**EXERCISE BRIEF:** The reply should hold only the lines from the one with "7일 경기 뒤 영국은" to the one with "18V Subcompact Brushless", both ends kept, exactly as they appear below, without any pictures.

**GIVEN DATA:**
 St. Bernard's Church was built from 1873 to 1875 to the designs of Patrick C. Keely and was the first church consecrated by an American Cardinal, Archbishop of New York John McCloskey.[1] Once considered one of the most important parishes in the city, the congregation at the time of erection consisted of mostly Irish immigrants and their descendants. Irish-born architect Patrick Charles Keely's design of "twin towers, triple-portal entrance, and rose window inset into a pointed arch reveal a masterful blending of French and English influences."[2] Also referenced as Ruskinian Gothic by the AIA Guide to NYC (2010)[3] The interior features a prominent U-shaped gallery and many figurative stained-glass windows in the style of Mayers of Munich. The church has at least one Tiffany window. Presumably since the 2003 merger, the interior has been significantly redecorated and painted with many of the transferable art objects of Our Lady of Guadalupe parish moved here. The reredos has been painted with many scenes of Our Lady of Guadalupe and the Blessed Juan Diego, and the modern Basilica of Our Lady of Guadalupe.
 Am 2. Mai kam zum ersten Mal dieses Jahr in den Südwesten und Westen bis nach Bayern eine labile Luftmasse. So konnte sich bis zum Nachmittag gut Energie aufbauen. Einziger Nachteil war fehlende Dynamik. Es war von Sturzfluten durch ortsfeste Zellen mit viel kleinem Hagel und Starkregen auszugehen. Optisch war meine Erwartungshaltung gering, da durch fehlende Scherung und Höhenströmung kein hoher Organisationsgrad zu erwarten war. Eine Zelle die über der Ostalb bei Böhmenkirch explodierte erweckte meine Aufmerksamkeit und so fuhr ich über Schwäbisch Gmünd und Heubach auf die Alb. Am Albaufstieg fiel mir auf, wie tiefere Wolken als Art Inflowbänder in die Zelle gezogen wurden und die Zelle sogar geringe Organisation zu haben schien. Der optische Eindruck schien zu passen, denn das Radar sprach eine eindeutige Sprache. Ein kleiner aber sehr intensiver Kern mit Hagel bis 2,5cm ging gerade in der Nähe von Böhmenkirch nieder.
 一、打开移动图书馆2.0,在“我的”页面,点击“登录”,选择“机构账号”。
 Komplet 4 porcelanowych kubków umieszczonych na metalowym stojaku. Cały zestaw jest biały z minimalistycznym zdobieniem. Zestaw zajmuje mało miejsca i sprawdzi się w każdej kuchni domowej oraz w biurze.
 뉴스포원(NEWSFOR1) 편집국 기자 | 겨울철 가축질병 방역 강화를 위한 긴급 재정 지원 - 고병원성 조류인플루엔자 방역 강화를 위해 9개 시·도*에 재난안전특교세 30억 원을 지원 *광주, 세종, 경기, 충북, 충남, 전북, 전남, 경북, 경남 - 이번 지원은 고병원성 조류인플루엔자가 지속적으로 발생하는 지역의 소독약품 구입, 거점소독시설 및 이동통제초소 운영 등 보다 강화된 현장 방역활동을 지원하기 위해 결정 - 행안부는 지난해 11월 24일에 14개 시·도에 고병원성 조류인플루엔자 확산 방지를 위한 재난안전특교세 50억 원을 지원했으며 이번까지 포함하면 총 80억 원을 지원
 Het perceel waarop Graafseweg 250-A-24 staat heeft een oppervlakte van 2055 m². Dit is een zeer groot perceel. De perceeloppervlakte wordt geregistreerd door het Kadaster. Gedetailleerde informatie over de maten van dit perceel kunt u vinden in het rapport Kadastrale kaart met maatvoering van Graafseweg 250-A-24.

---

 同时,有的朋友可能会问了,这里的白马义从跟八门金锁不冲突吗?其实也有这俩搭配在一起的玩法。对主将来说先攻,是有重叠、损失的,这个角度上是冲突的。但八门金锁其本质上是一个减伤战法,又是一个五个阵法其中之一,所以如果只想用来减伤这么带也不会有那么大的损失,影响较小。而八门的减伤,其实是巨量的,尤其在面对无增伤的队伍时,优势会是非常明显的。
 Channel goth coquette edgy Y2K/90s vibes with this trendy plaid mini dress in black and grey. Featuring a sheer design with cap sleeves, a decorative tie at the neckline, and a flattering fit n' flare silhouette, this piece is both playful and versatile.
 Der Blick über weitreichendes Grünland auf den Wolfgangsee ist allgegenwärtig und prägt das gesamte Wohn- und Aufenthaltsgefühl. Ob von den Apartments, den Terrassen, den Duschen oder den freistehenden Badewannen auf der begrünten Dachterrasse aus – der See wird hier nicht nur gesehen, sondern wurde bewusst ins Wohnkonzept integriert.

==

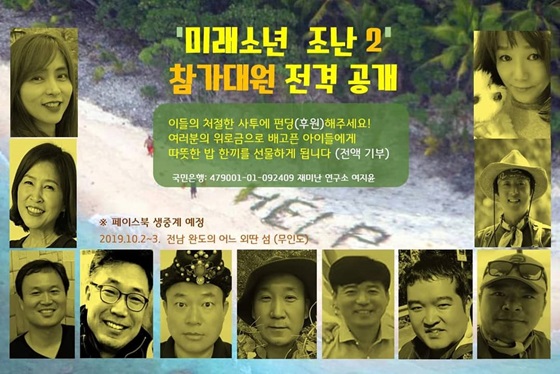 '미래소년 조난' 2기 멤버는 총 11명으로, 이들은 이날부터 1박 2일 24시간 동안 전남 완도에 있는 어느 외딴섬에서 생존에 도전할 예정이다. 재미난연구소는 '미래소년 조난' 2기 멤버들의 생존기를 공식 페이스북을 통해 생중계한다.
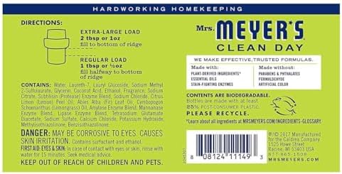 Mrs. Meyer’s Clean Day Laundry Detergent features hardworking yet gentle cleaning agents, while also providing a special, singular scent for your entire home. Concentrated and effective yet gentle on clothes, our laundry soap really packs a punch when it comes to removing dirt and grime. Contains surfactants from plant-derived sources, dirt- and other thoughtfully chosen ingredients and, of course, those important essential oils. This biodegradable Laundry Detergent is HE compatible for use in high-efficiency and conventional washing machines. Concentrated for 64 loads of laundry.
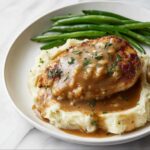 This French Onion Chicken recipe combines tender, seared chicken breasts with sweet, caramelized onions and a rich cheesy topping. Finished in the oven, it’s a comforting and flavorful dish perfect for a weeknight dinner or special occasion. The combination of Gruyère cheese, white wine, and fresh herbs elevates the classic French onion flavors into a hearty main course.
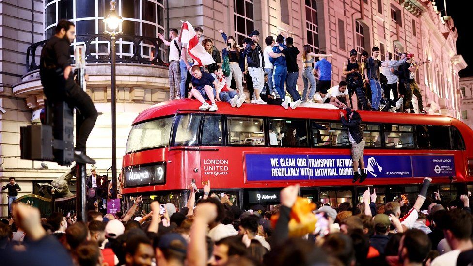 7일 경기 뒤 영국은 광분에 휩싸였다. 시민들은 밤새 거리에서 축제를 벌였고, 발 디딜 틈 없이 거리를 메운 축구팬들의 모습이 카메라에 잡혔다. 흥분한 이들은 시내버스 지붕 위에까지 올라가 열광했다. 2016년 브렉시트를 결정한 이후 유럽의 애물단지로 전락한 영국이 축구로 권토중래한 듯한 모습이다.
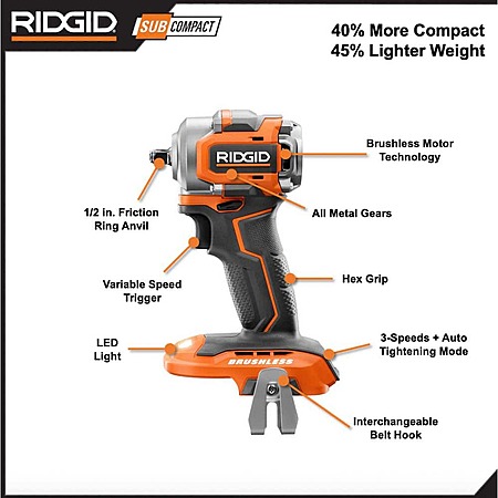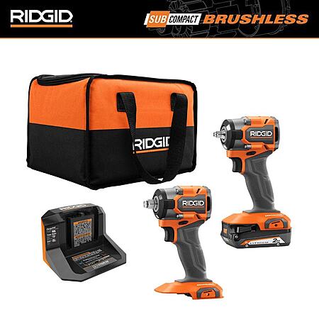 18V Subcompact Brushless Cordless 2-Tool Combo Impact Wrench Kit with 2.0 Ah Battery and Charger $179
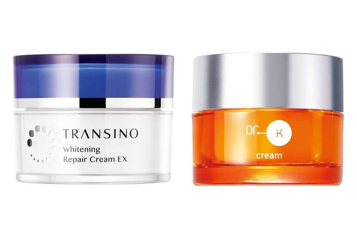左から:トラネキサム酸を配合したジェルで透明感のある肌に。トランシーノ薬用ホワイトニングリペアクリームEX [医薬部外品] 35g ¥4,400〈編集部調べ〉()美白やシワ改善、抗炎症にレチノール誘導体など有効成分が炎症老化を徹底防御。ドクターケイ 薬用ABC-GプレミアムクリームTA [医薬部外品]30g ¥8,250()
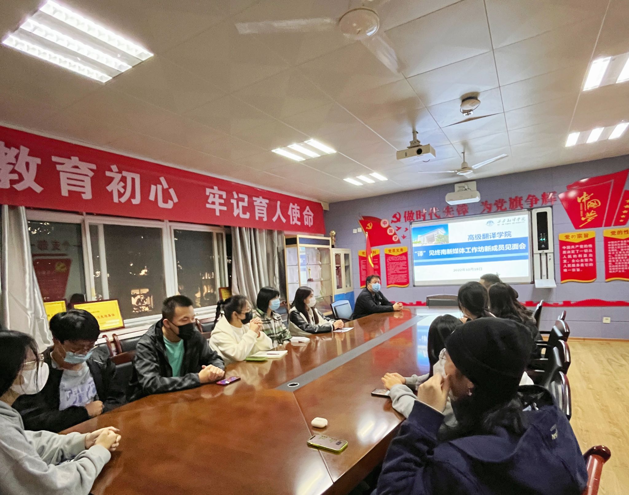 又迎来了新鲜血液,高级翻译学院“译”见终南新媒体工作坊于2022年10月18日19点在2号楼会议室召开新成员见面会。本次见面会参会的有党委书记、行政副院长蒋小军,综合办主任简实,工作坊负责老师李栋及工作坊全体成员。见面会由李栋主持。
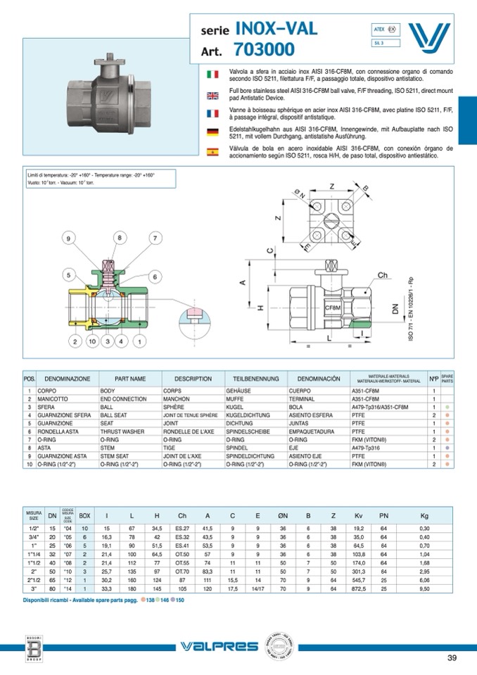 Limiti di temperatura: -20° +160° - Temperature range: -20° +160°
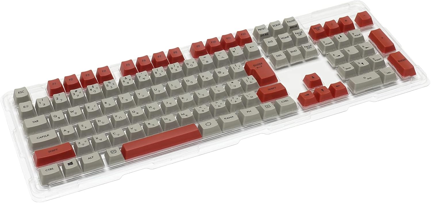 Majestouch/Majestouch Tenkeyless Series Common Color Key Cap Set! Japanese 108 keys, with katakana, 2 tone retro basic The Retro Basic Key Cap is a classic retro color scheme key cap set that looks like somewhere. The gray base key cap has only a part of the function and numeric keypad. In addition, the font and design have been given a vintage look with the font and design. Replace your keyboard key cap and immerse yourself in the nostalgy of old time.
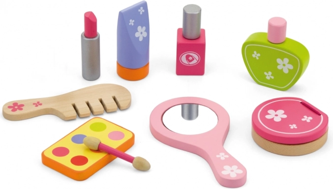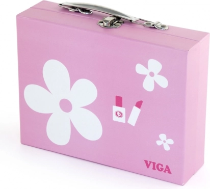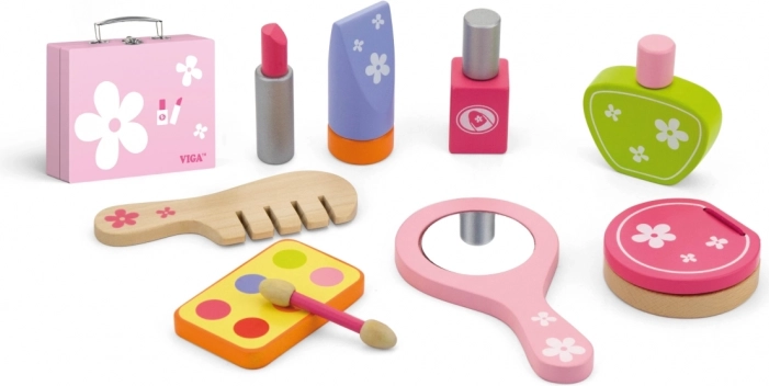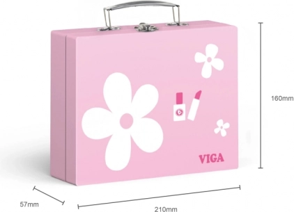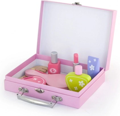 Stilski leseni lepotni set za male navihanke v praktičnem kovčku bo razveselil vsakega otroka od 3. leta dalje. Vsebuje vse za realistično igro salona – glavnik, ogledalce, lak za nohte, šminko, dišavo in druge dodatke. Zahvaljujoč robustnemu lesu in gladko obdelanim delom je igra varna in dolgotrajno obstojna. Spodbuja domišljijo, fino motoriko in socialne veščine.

**WRITTEN SOLUTION:**
 7일 경기 뒤 영국은 광분에 휩싸였다. 시민들은 밤새 거리에서 축제를 벌였고, 발 디딜 틈 없이 거리를 메운 축구팬들의 모습이 카메라에 잡혔다. 흥분한 이들은 시내버스 지붕 위에까지 올라가 열광했다. 2016년 브렉시트를 결정한 이후 유럽의 애물단지로 전락한 영국이 축구로 권토중래한 듯한 모습이다.
 18V Subcompact Brushless Cordless 2-Tool Combo Impact Wrench Kit with 2.0 Ah Battery and Charger $179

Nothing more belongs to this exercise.